Growth
The Third Landscape designates the sum ofspaces where man abandons the evolution
of the landscape to nature only.
– Gilles Clément
Growth (2009) concerns the relationship between Nature and abandoned industrial areas.
This work comes up from the observation of several urban spaces in Genova, Italy: Its history has been characterized by heavy industrialization in the Fifties followed, forty years later, by a sudden reorganization of the economic activities which left many areas neglected and spoiled. Nevertheless the exploitation of the natural territory and its neglect created liminal spaces within which Nature can regenerate: The growth of plants and weeds build another form of landscape, called by Gilles Clément ‘Third Landscape’. The border which separates the natural and the artificial becomes permeable and undecided.

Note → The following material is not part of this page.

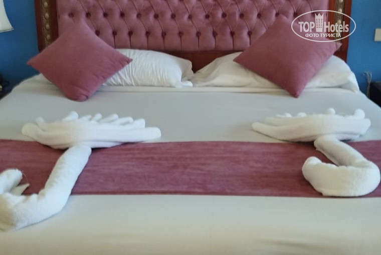 Отдыхали с 28 июня по 4 июля две семьи с детьми. Приехали в 17-30 на ресепшене быстро оформили и проводили в номера. При заселении в номер нам сразу принесли дополнительную кровать для ребенка. В номере было чисто, кондиционер работал, Комаров и муравьев в номере не было, каждый день убирали номер и делали красивые фигурки из полотенец. В знак благодарности оставляли либо шоколадку, либо Доллор. Питание разнообразное, завтрак, обед и ужин. На ужин на гриле готовили вкусные люля кебаб, пиццу. В обед давали мороженное на баре возле бассейна. До пляжа добирались на предоставляемом мини автобусе, ждать его не приходилось. Пляж чистый, лежаки всегда были свободные. Бар на пляже открывался в 11-30, днем можно было покушать пиццу и картошку фри. С пирса можно было рассмотреть множество красивых рыб. Аквапарк детям очень понравился, почти все горки работали. Бассейны работали до 18-30, потом их обрабатывали хлоркой. Не далеко от отеля есть магазин Джорд Клуни, хороший магазин по приятным ценам. Персонал отеля приветливые, почти все могли разговаривать по русски. Отдельное спасибо Самиру за красивый номер с видом на бассейн. Отдых удался , рекомендую этот отель!!!

In these locations Nature, personified as a female entity, acts like a verb on the concrete because she claims her space back from the man-altered landscape: By doing this she subverts the destructive role of men onto the natural environment and creates a new grammar of space.
The method applied to accomplish this work starts from the consideration that photography interprets and constructs meanings within the contemporary human and natural environment. The indexicality of photography embodies not only in the greenery depicted, but also in the use of portrait format, which is index of growth, interpreted as vertical development.
Photography narrates places and saves them from indifference. This led me to a non staged approach, in order to be as direct as possible about the landscape: It is not a deadpan attitude, yet an interest in reality as I found it. I also decided to wander over these locations before shooting, in order to be physically involved in the landscape, rather than acting as a bystander.